🤖 AI Summary
Video understanding is hindered by the limited context length of multimodal models, leading to missed critical transition frames and poor temporal coherence. To address this, we propose Native Sparse Attention (NSA), a hardware-aware hybrid attention architecture: the text pathway retains dense attention, while the video pathway employs learnable sparse attention to enable dynamic attention aggregation and optimal global–local attention allocation. Built upon Qwen2.5-VL, our model is end-to-end trained on 216K video instruction samples and supports reliable scaling up to 128K tokens.
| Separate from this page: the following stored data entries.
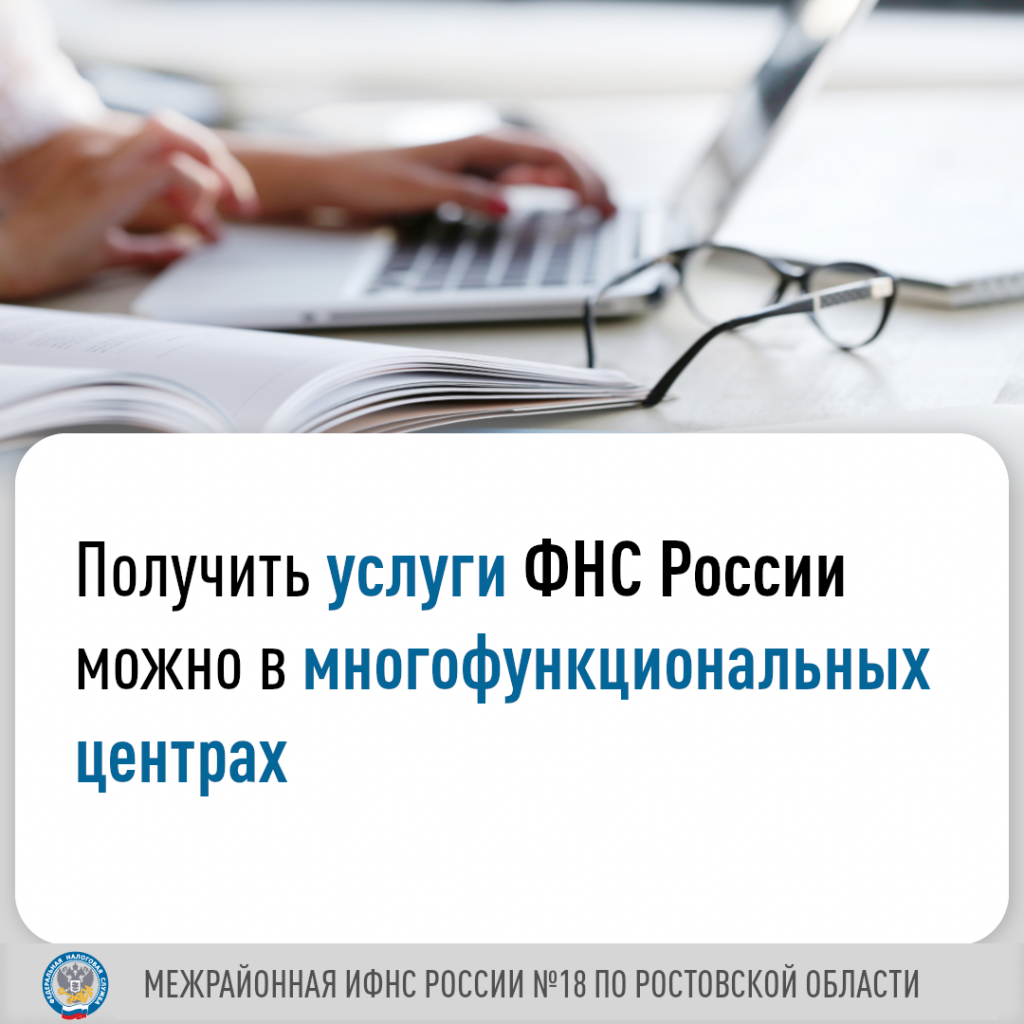 Для получения услуг ФНС России жители Ростовской области могут обратиться не только в налоговые органы, но и в многофункциональные центры (МФЦ). В перечень государственных услуг, предоставляемых на базе сети МФЦ Ростовской области, входят 5 следующих услуг: Все услуги, предоставляемые МФЦ, бесплатны, и получить их может как сам заявитель, так и его представитель на основании доверенности. Межрайонная ИФНС России № 18 по Ростовской области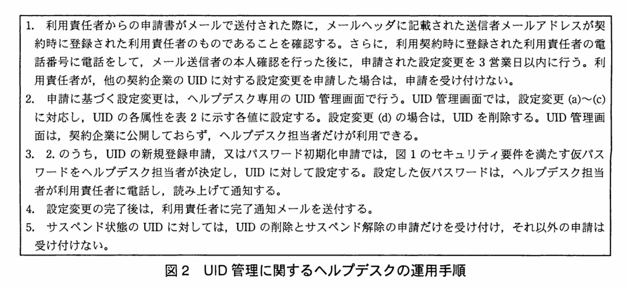 - 図1のセキュリティ要件には「(カ)90日間ログインに成功していないUIDは、ログイン不可能になる。このUIDの状態をサスペンド状態と呼ぶ。サスペンド状態は、契約企業の利用責任者からのサスペンド解除申請によってだけ解除でき、利用者自身では解除できないようにする。」とあります。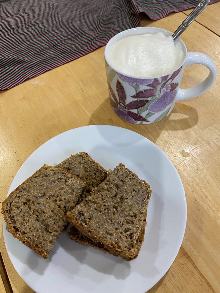Two weekends ago, I stayed over my aunt Nancy and uncle David’s house, and my aunt and I went to her yoga class on Saturday morning. The night before, we had a really delicious “beyond burgers” dinner. And then the next morning, we had a tasty, quick breakfast before yoga — homemade bread and frothy tea. After the early yoga session, we headed back home for brunch for blueberry and banana pancakes. Yum!!!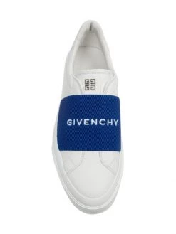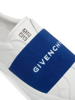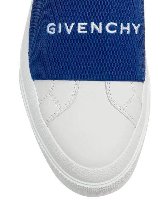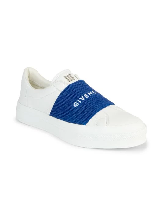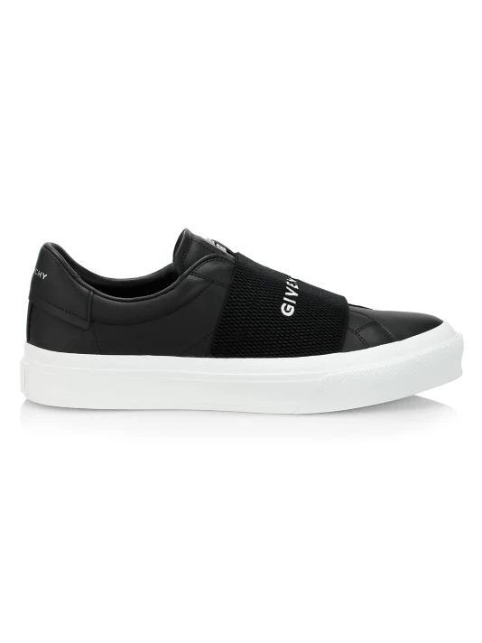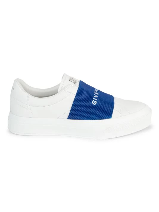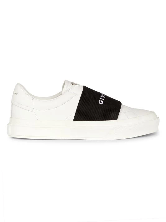 An elastic logo-embroidered strap tops these sleek leather sneakers, designed with a minimalist silhouette.

On benchmarks for long-video understanding, temporal reasoning, and spatial localization, NSA significantly outperforms token-compression methods and untrained sparse baselines. Results demonstrate that NSA effectively balances fine-grained temporal modeling capability with scalable context length—achieving both high fidelity in motion and event dynamics and robust performance at extreme sequence lengths.
📝 Abstract
Video understanding in multimodal language models remains limited by context length: models often miss key transition frames and struggle to maintain coherence across long time scales. To address this, we adapt Native Sparse Attention (NSA) to video-language models. Our method, VideoNSA, adapts Qwen2.5-VL through end-to-end training on a 216K video instruction dataset. We employ a hardware-aware hybrid approach to attention, preserving dense attention for text, while employing NSA for video. Compared to token-compression and training-free sparse baselines, VideoNSA achieves improved performance on long-video understanding, temporal reasoning, and spatial benchmarks. Further ablation analysis reveals four key findings: (1) reliable scaling to 128K tokens; (2) an optimal global-local attention allocation at a fixed budget; (3) task-dependent branch usage patterns; and (4) the learnable combined sparse attention help induce dynamic attention sinks.